— Your assignment —
Retype the opening lines of the listing below, ending with the line that contains "The modern kitchen", and leave out any pictures.

— Available data —
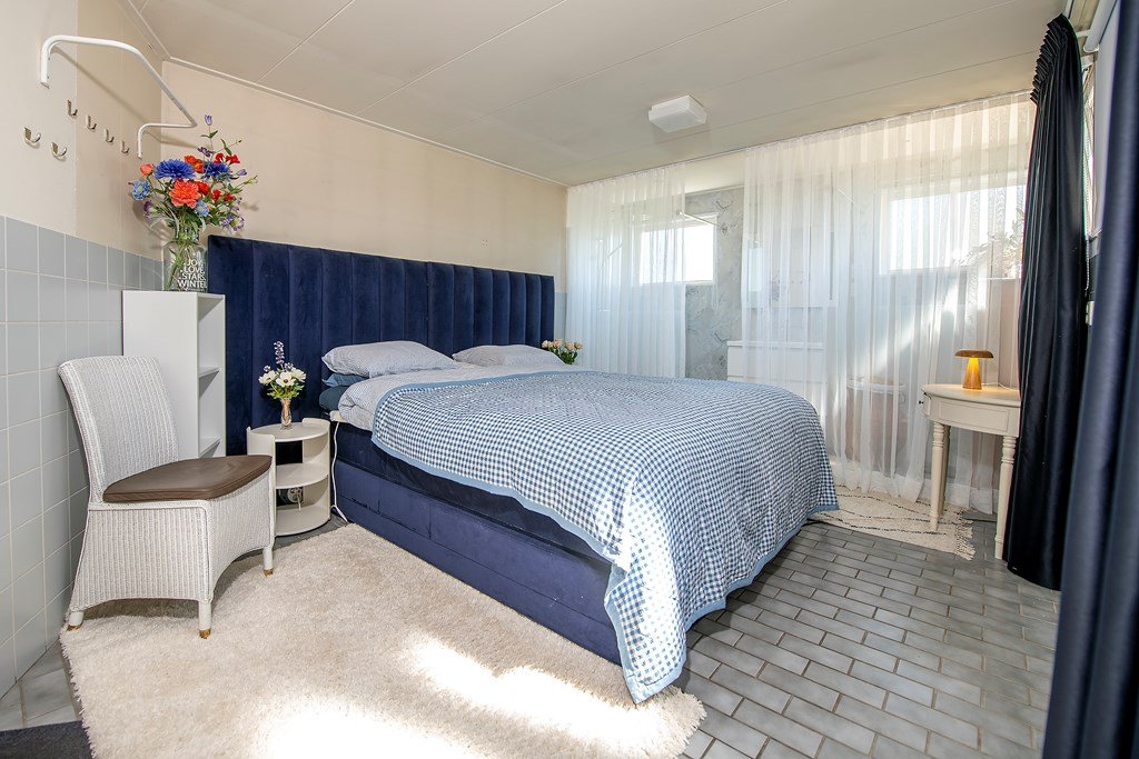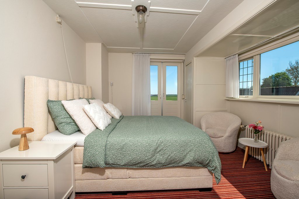 De slaapkamer aan de achterzijde en de badkamer hebben beide openslaande deuren naar het ruime balkon met prachtig uitzicht over de landerijen.
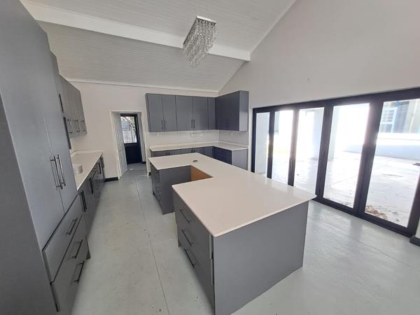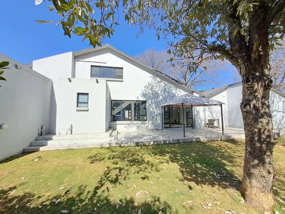 The modern kitchen boasts a timeless grey-and-white design, ample cupboard space, and room for a freestanding 6-plate gas stove and oven. A large scullery, fully fitted with connections for both dishwasher and washing machine, opens to a private courtyard that can easily transform into an alfresco dining area. A loft-style study overlooks the kitchen, while a guest toilet adds convenience.
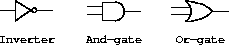 Our computational model of a circuit will be composed of objects that correspond to the elementary components from which the circuit is constructed. There are wires, which carry digital signals. A digital signal may at any moment have only one of two possible values, 0 and 1. There are also various types of digital function boxes, which connect wires carrying input signals to other output wires. Such boxes produce output signals computed from their input signals. The output signal is delayed by a time that depends on the type of the function box. For example, an inverter is a primitive function box that inverts its input. If the input signal to an inverter changes to 0, then one inverter-delay later the inverter will change its output signal to 1. If the input signal to an inverter changes to 1, then one inverter-delay later the inverter will change its output signal to 0. We draw an inverter symbolically as in figure 3.24. An and-gate, also shown in figure 3.24, is a primitive function box with two inputs and one output. It drives its output signal to a value that is the logical and of the inputs. That is, if both of its input signals become 1, then one and-gate-delay time later the and-gate will force its output signal to be 1; otherwise the output will be 0. An or-gate is a similar two-input primitive function box that drives its output signal to a value that is the logical or of the inputs. That is, the output will become 1 if at least one of the input signals is 1; otherwise the output will become 0.
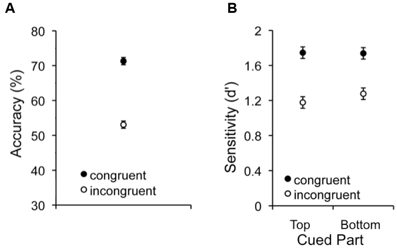 In Experiment 1, we only tested male participants. When, we restricted our analyses in Experiment 2 to only male participants (n = 47), we found significant correlations between holistic processing in the VHPT-F and both composite task measures that were comparable in magnitude to the correlations in Experiment 1 (congruency effect: r45 = 0.29, rdisattenuated = 0.498, p < 0.05; alignment effect: r45 = 0.35, rdisattenuated = 0.49, p < 0.05). These correlations were not significant for female participants (n = 68; congruency effect: r66 = 0.05, rdisattenuated = 0.08, p = 0.68; alignment effect: r66 = 0.05, rdisattenuated = 0.08, p = 0.68). However, differences between correlations in male and female participants were not significant (zs < 1.6, ps > 0.10). The congruency effect and alignment effect in the composite task were significantly correlated in both male (r45 = 0.54, rdisattenuated = 0.83, p < 0.001) and female (r65 = 0.43, rdisattenuated = 0.66, p < 0.001) participants.
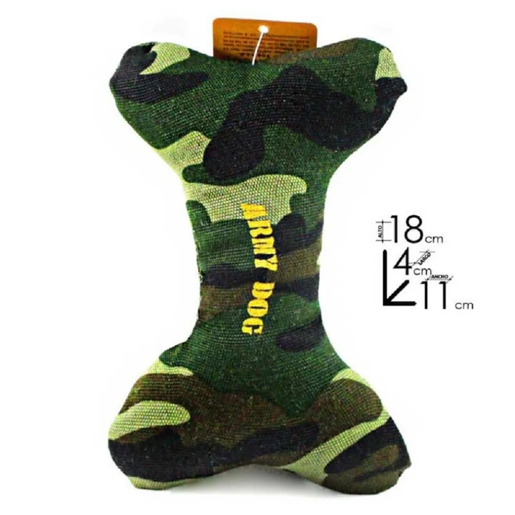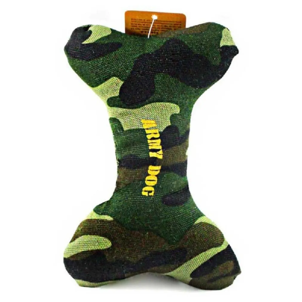 Fai divertire il tuo cane con il giocattolo a forma di osso in tela. Tenero giocattolo per cani dalla forma di un osso colore verde militare. Realizzato in tela di lunghezza 18 cm circa.
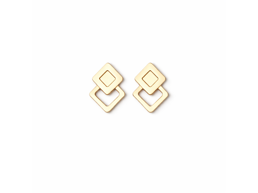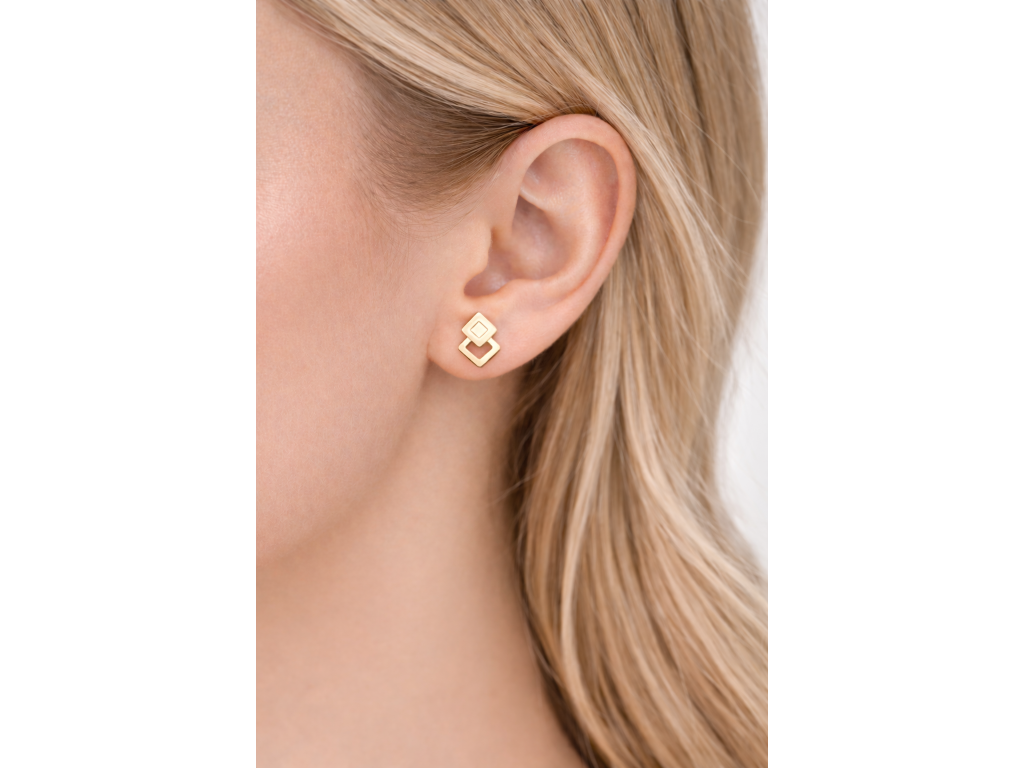 Stylové náušnice s geometrickým motivem představují dokonalou rovnováhu mezi elegancí a moderním designem. Dominantním prvkem jsou dva propojené čtverce – jeden plný a druhý otevřený – které vytvářejí zajímavý vizuální efekt a jemný pohyb při nošení.
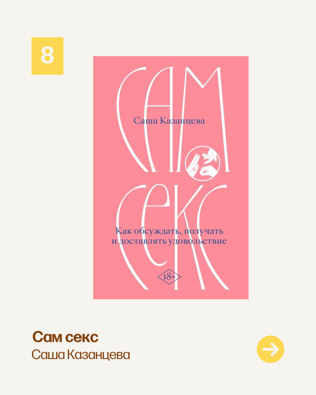 Когда дело доходит до секса, все порой чувствуют себя неловко: мы не хотим показаться несведущими, неуверенными в себе, боимся, что нас не примут, не поймут или просто что будет «не очень». Даже обсудить что к чему с партнерами не всегда хватает смелости. Но почему мы так стесняемся говорить о сексе? Откуда берутся сексуальные фантазии, как они помогают нам и можно ли делить их на «нормальные» и «странные»? Что значат все эти незнакомые слова — «раббинг», «тоинг», «комперсия» и какие практики за ними стоят? Как доставить удовольствие себе и другому человеку? И как понять, чего хочется нам самим? В своей книге секс-просветительница и писательница Саша Казанцева подробно отвечает на эти и десятки других вопросов.
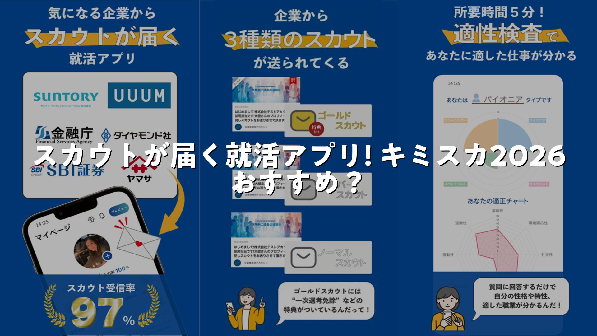 スカウトが届く就活アプリ! キミスカ2026の口コミ・おすすめ?ついてまとめました
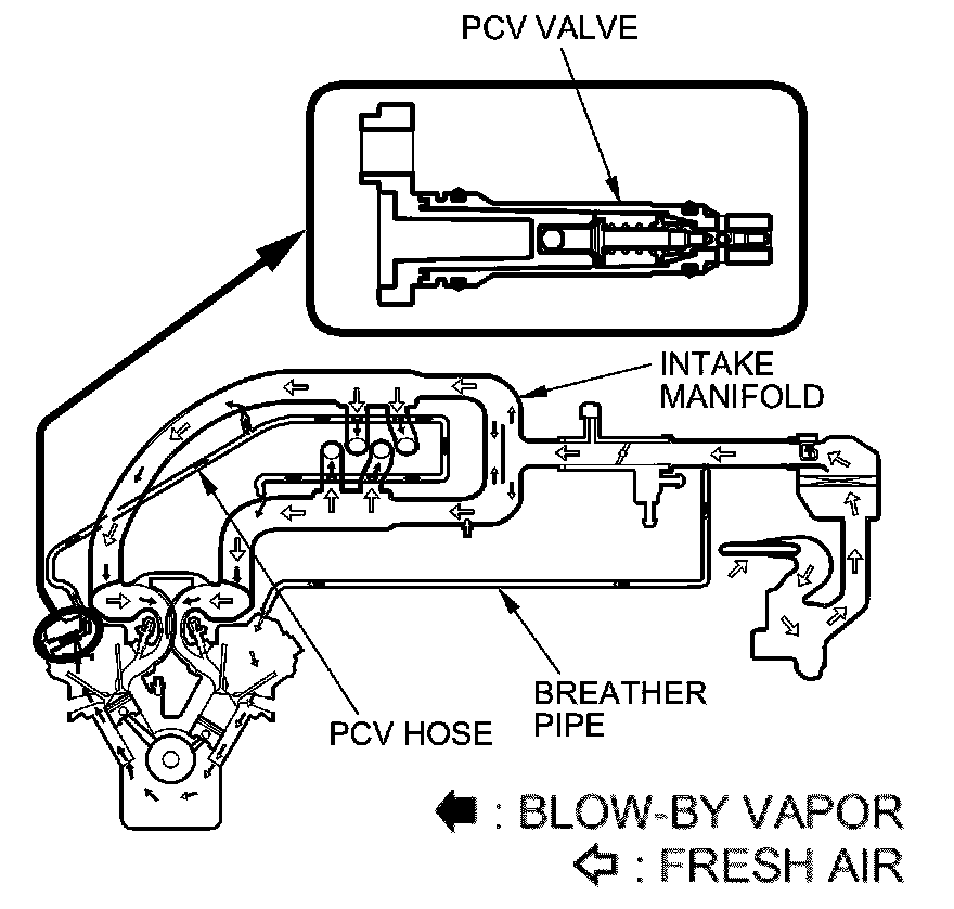 The PCV valve prevents blow-by gasses from escaping into the atmosphere by venting them into the intake manifold.

— Exercise output —
 De slaapkamer aan de achterzijde en de badkamer hebben beide openslaande deuren naar het ruime balkon met prachtig uitzicht over de landerijen.
 The modern kitchen boasts a timeless grey-and-white design, ample cupboard space, and room for a freestanding 6-plate gas stove and oven. A large scullery, fully fitted with connections for both dishwasher and washing machine, opens to a private courtyard that can easily transform into an alfresco dining area. A loft-style study overlooks the kitchen, while a guest toilet adds convenience.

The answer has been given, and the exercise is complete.